The Power of Inclusive Procurement
- by Rod Robinson
From spurring local job growth to building environmentally-friendly supply chains, inclusive procurement can create positive change.
When I graduated from Wharton in 1995 and decided to pursue a career in management consulting at A.T. Kearney, I had grand visions of helping one of our multinational clients grow revenue through a high profile M&A transaction. Instead, I was assigned to a global strategic sourcing engagement for one of the most recognizable corporate brands in the world. I didn’t know what strategic sourcing was at the time, but I quickly learned that it was an approach to supply-chain management that enabled an organization to leverage its purchasing power to optimize the value it received from suppliers. I began to realize then that the often-overlooked area of procurement had the potential to unlock corporate value.
I had no idea that that first assignment would play such a role in shaping my career. In the 20 years since then, I have remained in supply chain and procurement, doing stints with other global consultancies including Accenture and working as chief procurement officer at Cincinnati Bell and now as founder and CEO of ConnXus, where our software helps create more inclusive and sustainable supply chains. My cumulative corporate and entrepreneurial experience has provided me with a unique perspective on procurement, and as a result I believe inclusive procurement can change the world.
Statistics That Matter
Consider these statistics supported by the chart below (from a prior blog post):
- 99.9 percent of all U.S. firms are in the small business category.
- Women- and minority-owned companies represent more than 50 percent of the total small business population.
- More than half of the American workforce of about 142 million people is employed by small businesses.
- Small businesses have generated more than 65 percent of new jobs over the past 20 years.
- The number of minority-owned businesses grew nearly 50 percent between 2002 and 2007—almost three times the rate of all firms in the U.S.
As noted above, nearly 60 percent of the more than $30 trillion in annual revenue generated by U.S. firms is produced by a small group that represents less than one-tenth of 1 percent of the national business population. Although minority and female-owned firms represent more than 50 percent of today’s total U.S. business population, they generate just over 6 percent of total revenue.
As one of the fastest-growing sectors of small business, minority-owned businesses in particular demand our attention. Together, they generate over $500 billion in sales each year, comprise 21.3 percent of all non-farm businesses in the country, and provide 5 percent of total employment.
It is no secret that start-ups are disrupting multi-billion dollar industries. The top five publicly traded companies didn’t even exist 25 years ago. These companies achieved success by introducing innovative solutions to the market that delivered value in the form of lower cost or enabled enhanced revenue. Corporate procurement professionals are often the gatekeepers positioned to discover these new innovations. I recently spoke at a corporate innovation event and shared an example from the food and beverage industry, where 96 percent of the four-year industry growth came by way of start-ups, totaling $17 billion.

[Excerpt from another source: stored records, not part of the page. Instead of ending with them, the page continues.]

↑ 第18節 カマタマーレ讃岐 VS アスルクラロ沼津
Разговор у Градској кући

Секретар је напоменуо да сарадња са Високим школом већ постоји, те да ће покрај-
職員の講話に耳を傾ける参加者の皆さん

When I was head of purchasing or otherwise in a position of influence, I made it a point to identify spend categories where we could introduce new suppliers into the supply chain. I knew awarding a contract to an innovative, rapidly growing company would have a much greater impact on local job growth than simply sticking with the status quo. ConnXus now boasts an enterprise customer list that represents a significant portion of the Fortune 1000. This was made possible because one major corporation was willing to give new suppliers a chance. That contract alone doubled the size of our company in year three of our existence. The supply chain professionals at this company now take great pride in the fact that they played a key role in the development of an innovative start-up that has created 21 new jobs and is serving customers in eight countries.
An inclusive supplier portfolio enables supply chain and procurement professionals to leverage spending strategically in the supplier selection process. For example, we were recently able to help a customer look back to see that the $30 million that they spent with 55 diverse suppliers in a major urban market was directly responsible for supporting over 4,000 jobs. This company is now trying to determine how they can leverage this sort of information ahead of future supplier-selection decisions. Think about the impact that this can have on unemployment.

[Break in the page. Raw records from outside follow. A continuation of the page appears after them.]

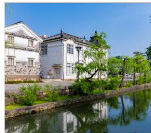
เขตอนุรักษ์เมืองเก่า คุราชิกิ
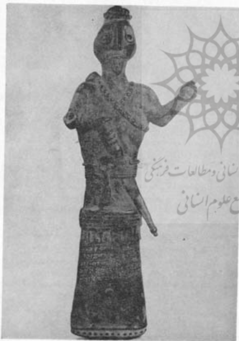
مجسمه انسان مفرغی با کتیبه میخی ۱۰۰۰ تا ۷۰۰ ق. م.
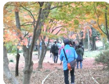
紅葉の中をウォーキング
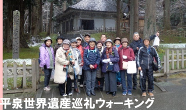
平泉世界遺産巡礼ウォーキング
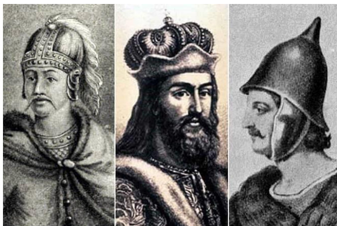
Сыновья кн. Святослава: Олег, Владимир, Ярополк . Рис. XVII- XIXвв.
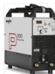
Pico 300 cel pws
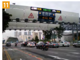
11 ITS(高度道路交通システム)
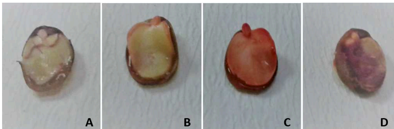
FIGURA 2: Aspecto geral da coloração de sementes de A. leiocarpa após coloração com tetrazólio. Semente morta (A), Semente viável (B e C) e semente em deterioração (D)

Médias seguidas da mesma letra na coluna não se diferem estatisticamente de acordo com teste de Tukey 5%.
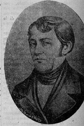
Don Juan Mora Fernández

En mi conversación amable con los amigos de Costa Rica mi más íntima ilusión es mostrar aspectos poco conocidos o ignorados de esta gran ciudad. No lo turístico, lo que tiene cabida en la guía sino lo humano, lo que despierta una inquietud o hacer aflorar una lágrima o una sonrisa. Visitando lugares, preguntando y curioseando, he llegado al Club Social de Santos Lugares, pintoresca villa de la Provincia de Buenos Aires, próxima a San Martín. Hay allí una muy concurrida Iglesia de Nuestra
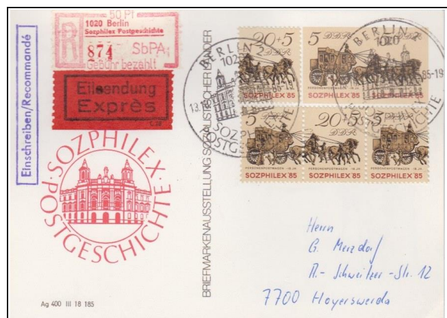
Abb. 6.2 Vorderseite; RS: „Französischer Landbriefträger“ (P 93b)
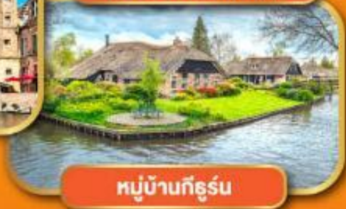
หมู่บ้านกัธูร่น
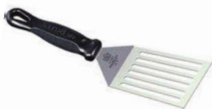
Špachtle perforovaná FKOfficeum
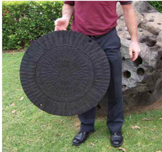
Lagan poklopac < 9 kg
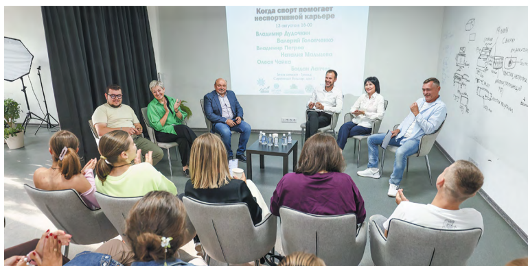
Круглый стол о жизненных ценностях
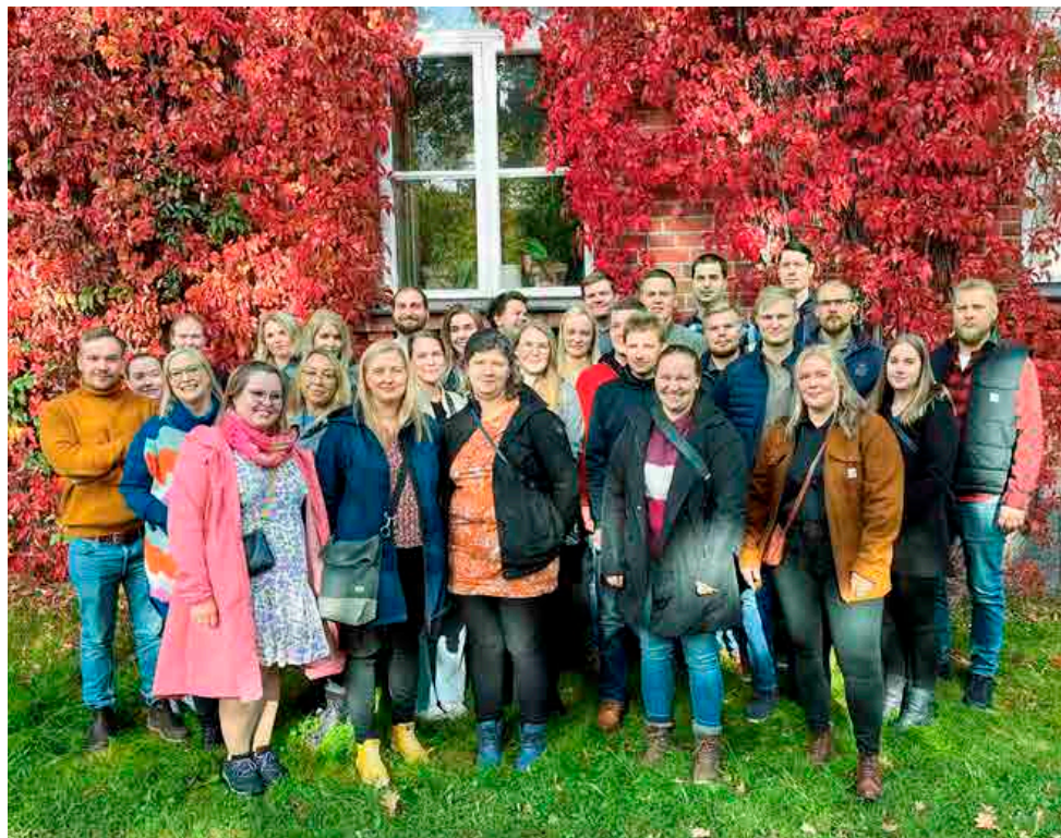
Vuonna 2014 opintonsa aloittaneet olivat runsaslukuisena paikalla.
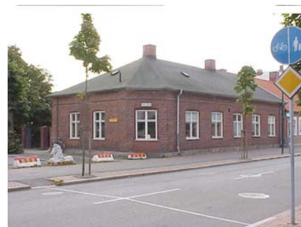
KEMNER 1 B från NV
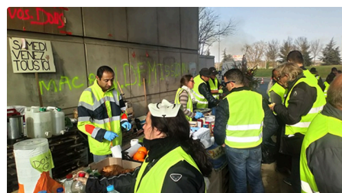
intendance assurée
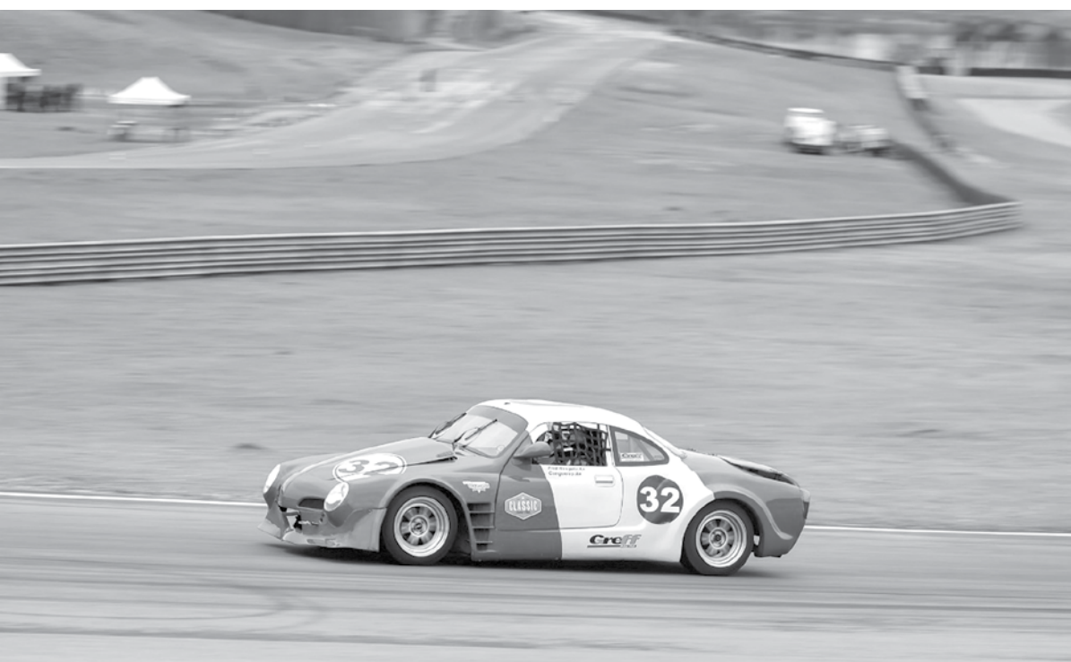
Durante a prova a dupla chegou a ficar em P1 na pista

A próxima corrida da dupla será, em Cascavel/PR, dia 03 de novembro

Every supply chain is at risk of inadvertently supporting slavery and child labor. Organizations like Made In A Free World (MIAFW) are doing something about it. MIAFW has built software that locates and addresses these risks. This innovative software solution enables procurement and supply chain professionals to play a key role in ending forced economic exploitation.
Organizations such as EcoVadis are making it easier for companies to monitor and measure the environmental practices of their suppliers. This allows procurement professionals to help build more environmentally-friendly supply chains.

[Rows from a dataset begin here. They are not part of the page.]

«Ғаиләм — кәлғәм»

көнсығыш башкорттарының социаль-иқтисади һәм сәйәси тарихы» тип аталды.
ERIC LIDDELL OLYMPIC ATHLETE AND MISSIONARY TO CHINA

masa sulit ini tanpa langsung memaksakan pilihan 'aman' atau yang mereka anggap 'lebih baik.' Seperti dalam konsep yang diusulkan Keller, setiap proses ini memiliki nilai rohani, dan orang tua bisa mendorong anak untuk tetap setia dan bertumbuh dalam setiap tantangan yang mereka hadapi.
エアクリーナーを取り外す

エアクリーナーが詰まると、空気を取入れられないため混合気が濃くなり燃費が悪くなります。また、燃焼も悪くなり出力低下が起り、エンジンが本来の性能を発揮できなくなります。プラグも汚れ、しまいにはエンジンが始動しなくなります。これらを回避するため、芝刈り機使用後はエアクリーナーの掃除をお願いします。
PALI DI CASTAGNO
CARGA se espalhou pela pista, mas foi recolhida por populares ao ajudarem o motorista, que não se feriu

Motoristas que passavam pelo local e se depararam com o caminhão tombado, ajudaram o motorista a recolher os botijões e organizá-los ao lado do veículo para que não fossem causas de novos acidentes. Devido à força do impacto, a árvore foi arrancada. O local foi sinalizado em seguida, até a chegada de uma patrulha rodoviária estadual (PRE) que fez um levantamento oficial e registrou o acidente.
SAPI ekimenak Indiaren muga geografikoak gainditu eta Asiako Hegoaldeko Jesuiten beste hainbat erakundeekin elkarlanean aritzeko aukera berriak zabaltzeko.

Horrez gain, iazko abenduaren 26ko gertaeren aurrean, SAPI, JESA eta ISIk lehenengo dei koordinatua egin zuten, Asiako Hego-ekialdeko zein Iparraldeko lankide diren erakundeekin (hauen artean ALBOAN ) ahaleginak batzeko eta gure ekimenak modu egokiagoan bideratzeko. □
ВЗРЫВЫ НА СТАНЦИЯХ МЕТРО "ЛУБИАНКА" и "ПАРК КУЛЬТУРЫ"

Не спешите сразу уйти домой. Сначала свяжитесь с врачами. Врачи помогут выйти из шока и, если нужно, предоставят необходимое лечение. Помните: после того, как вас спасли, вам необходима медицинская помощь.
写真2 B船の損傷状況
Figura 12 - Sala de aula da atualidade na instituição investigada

Increasing profits and enhancing shareholder value are not exactly world-changing concepts. However, it is worth emphasizing the value that procurement plays in controlling the cost of goods sold. For many companies, total external purchases represent a third of total revenue. That means every purchasing dollar saved falls directly to the bottom line; for a billion dollar company, it could represent a 14 percent increase in earnings. This is before considering the additional benefits (reputation, loyalty, innovation, new market access, etc.) associated with a more inclusive network of suppliers.
In my opinion, procurement and supply chain is positioned to have the most broad-sweeping impact of any other role within a corporation. From being on the front end of identifying innovative suppliers, to selecting suppliers that maximize local job growth, procurement professionals are positioned to pull the levers that create the optimal supplier mix.